Oil Futures Mixed Amid Tariff Concerns, OPEC+ Output Hike Outlook

HOUSTON (DTN) -- Oil futures dipped on Tuesday as trade tariffs on Canada and Mexico went into effect Tuesday, raising concerns about their impact on the global economy and further inflationary pressure on the U.S. economy.

The NYMEX WTI and ICE Brent futures contracts for May delivery settled steady at $68.37 bbl while the front-month ICE Brent fell by $0.49 to $71.13 bbl. The RBOB futures contract for April delivery rose by $0.0075 to $2.1953 gallon and the April ULSD futures contract rose by $0.0284 to $2.288 gallon.
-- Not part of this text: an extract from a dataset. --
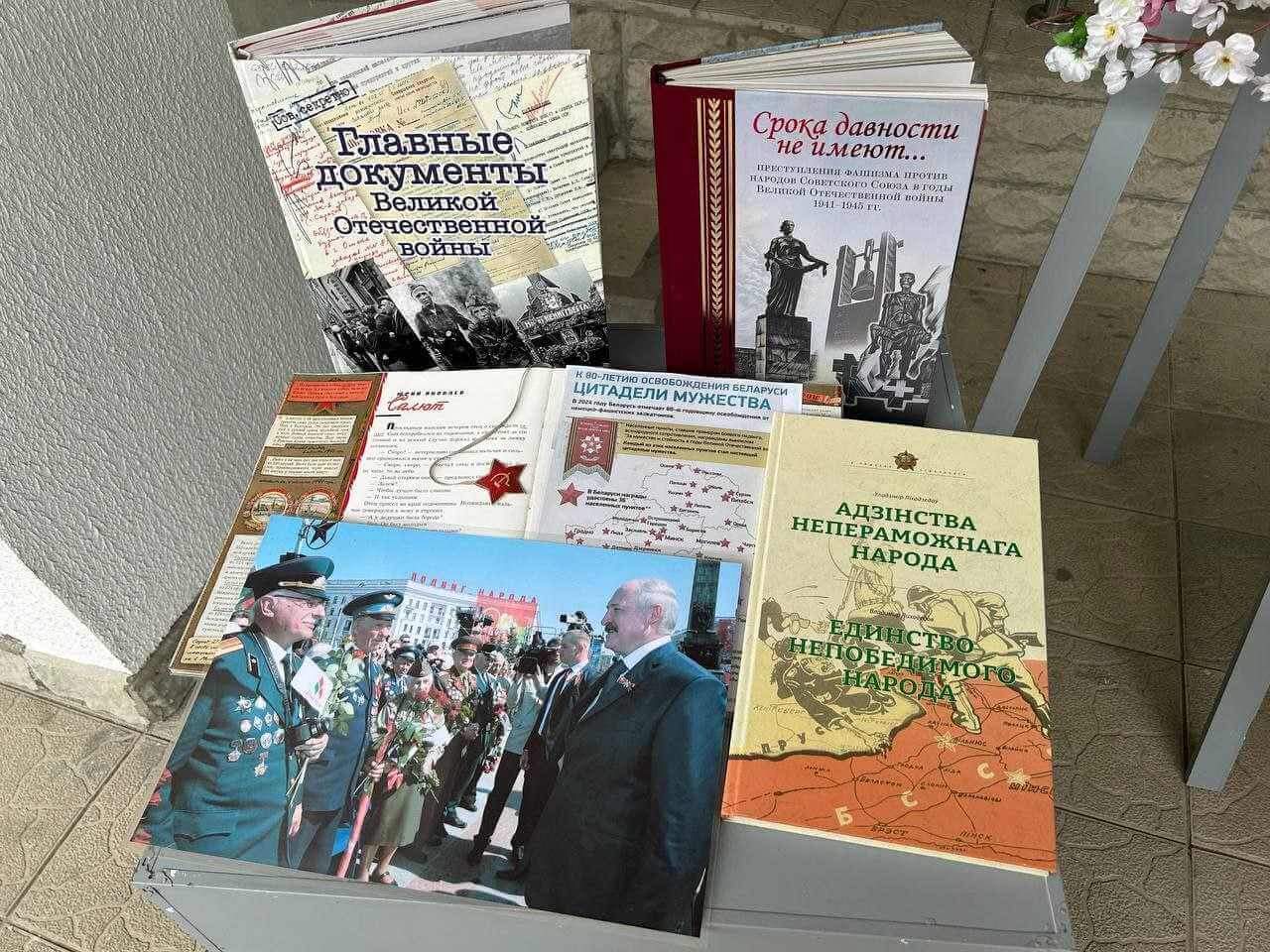 На крыльце УК "Могилевская областная библиотека им. В.И. Ленина" открылась книжная экспозиция "Нам эту землю дедами и отцами завещано беречь", посвященная 80-летию освобождения Беларуси от немецко-фашистских захватчиков и Дню Независимости Республики Беларусь.

The U.S. Dollar Index recorded a steep multi-week drop, by falling 1.03% to 105.64 against a basket of foreign currencies.

The Trump administration imposed an additional 25% tariffs on imported goods from Canada and Mexico, its main trade partners, as a way to pressure both countries to stop illegal immigration and drug trafficking at their borders with U.S. territory. Effective Tuesday, March 4, the United States levied 10% tax on imports from China. Retaliatory measures from China and Canada were immediately imposed, while Mexico is expected to announce a retaliatory trade tariff on Sunday.

The uncertainty about the impact of these actions continued to generate high volatility in the oil futures markets, which bounced back from losses recorded in the morning when they hit their lowest level since December.

The two crude benchmarks WTI and Brent were also under downward pressure due to expectations of ample global supplies after the eight OPEC+ countries -- Saudi Arabia, Russia, Iraq, the United Arab Emirates, Kuwait, Kazakhstan, Algeria and Oman -- on Monday, March 3, agreed to a gradual and flexible increase of 2.2 million bpd its global output starting April 1.

OPEC+ is also expected to extend voluntary adjustment cuts of 1.65 million bpd, announced in April 2023, until the end of December 2026.

In January, Trump demanded Saudi Arabia and OPEC to lower oil prices, claiming that this could help end the war in Ukraine.

Oil futures market recovered from losses reported earlier on the day on news that the Department of the Treasury formally canceled Chevron's permit to produce and export Venezuelan crude. This is seen as a political tactic from the Trump administration to pressure the government President Nicolas Maduro.